• YOUR GOAL: Images are not part of the copy; write out the rest of the data exactly as given.

• INFORMATION SHOWN:
------------------------------------
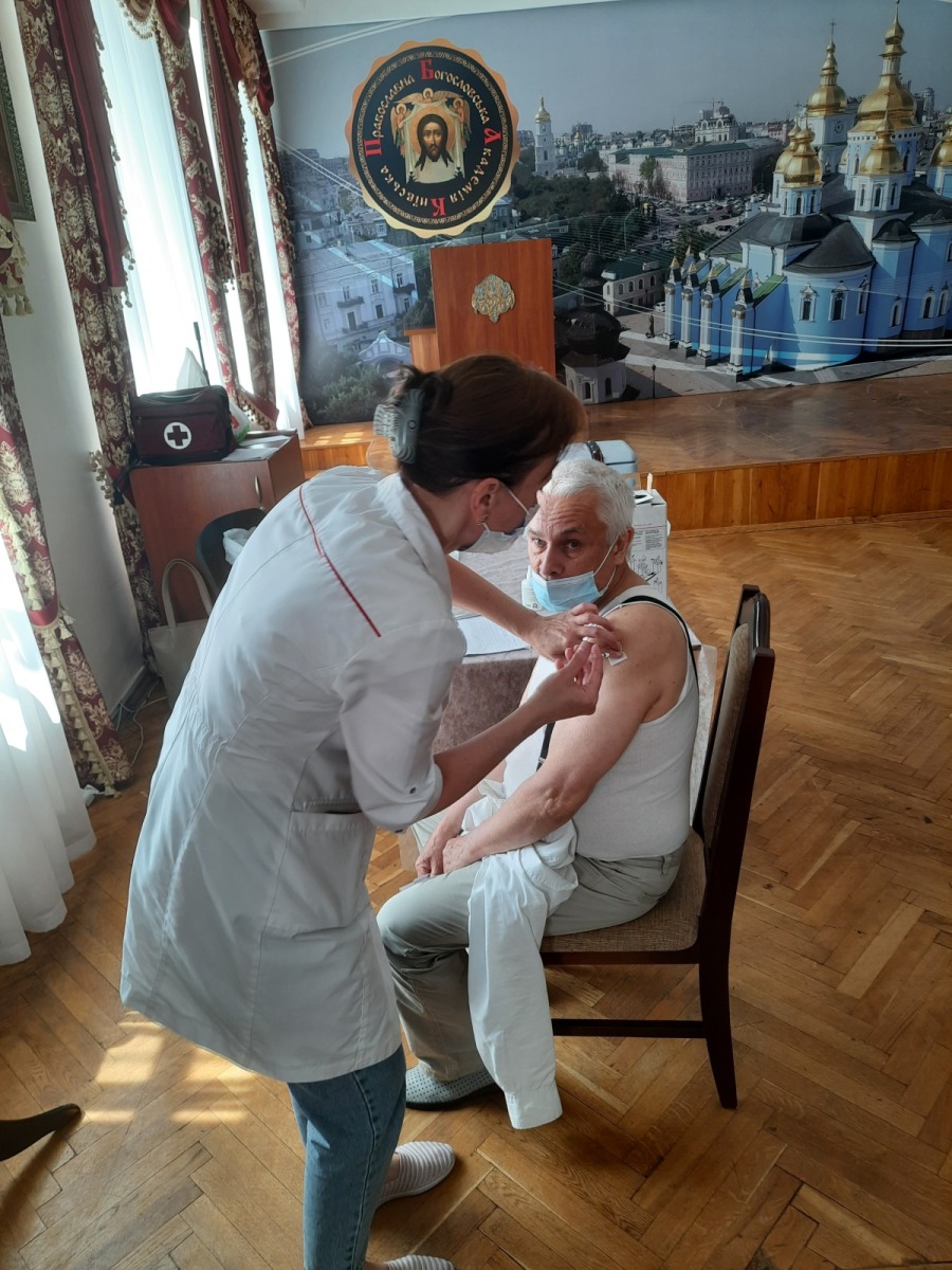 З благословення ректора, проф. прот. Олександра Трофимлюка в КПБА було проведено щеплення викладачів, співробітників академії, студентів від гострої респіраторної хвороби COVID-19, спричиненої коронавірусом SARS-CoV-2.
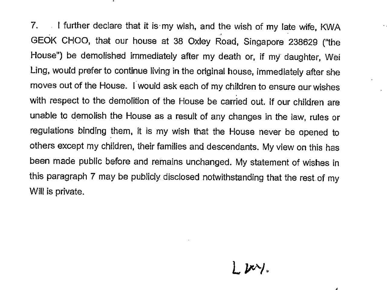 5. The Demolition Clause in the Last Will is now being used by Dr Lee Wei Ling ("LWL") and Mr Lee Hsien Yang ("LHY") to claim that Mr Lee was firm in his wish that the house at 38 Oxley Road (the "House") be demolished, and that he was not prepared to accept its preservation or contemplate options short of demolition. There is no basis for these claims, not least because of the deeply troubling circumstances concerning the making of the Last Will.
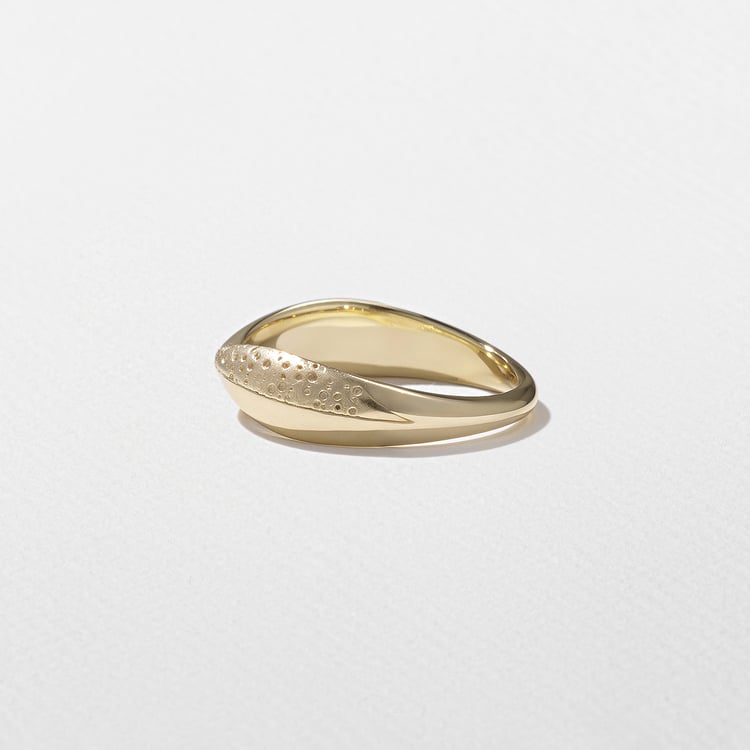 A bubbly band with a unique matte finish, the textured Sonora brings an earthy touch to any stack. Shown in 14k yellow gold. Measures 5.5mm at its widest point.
------------------------------------
• PROBLEM SOLUTION:
 З благословення ректора, проф. прот. Олександра Трофимлюка в КПБА було проведено щеплення викладачів, співробітників академії, студентів від гострої респіраторної хвороби COVID-19, спричиненої коронавірусом SARS-CoV-2.
 5. The Demolition Clause in the Last Will is now being used by Dr Lee Wei Ling ("LWL") and Mr Lee Hsien Yang ("LHY") to claim that Mr Lee was firm in his wish that the house at 38 Oxley Road (the "House") be demolished, and that he was not prepared to accept its preservation or contemplate options short of demolition. There is no basis for these claims, not least because of the deeply troubling circumstances concerning the making of the Last Will.
 A bubbly band with a unique matte finish, the textured Sonora brings an earthy touch to any stack. Shown in 14k yellow gold. Measures 5.5mm at its widest point.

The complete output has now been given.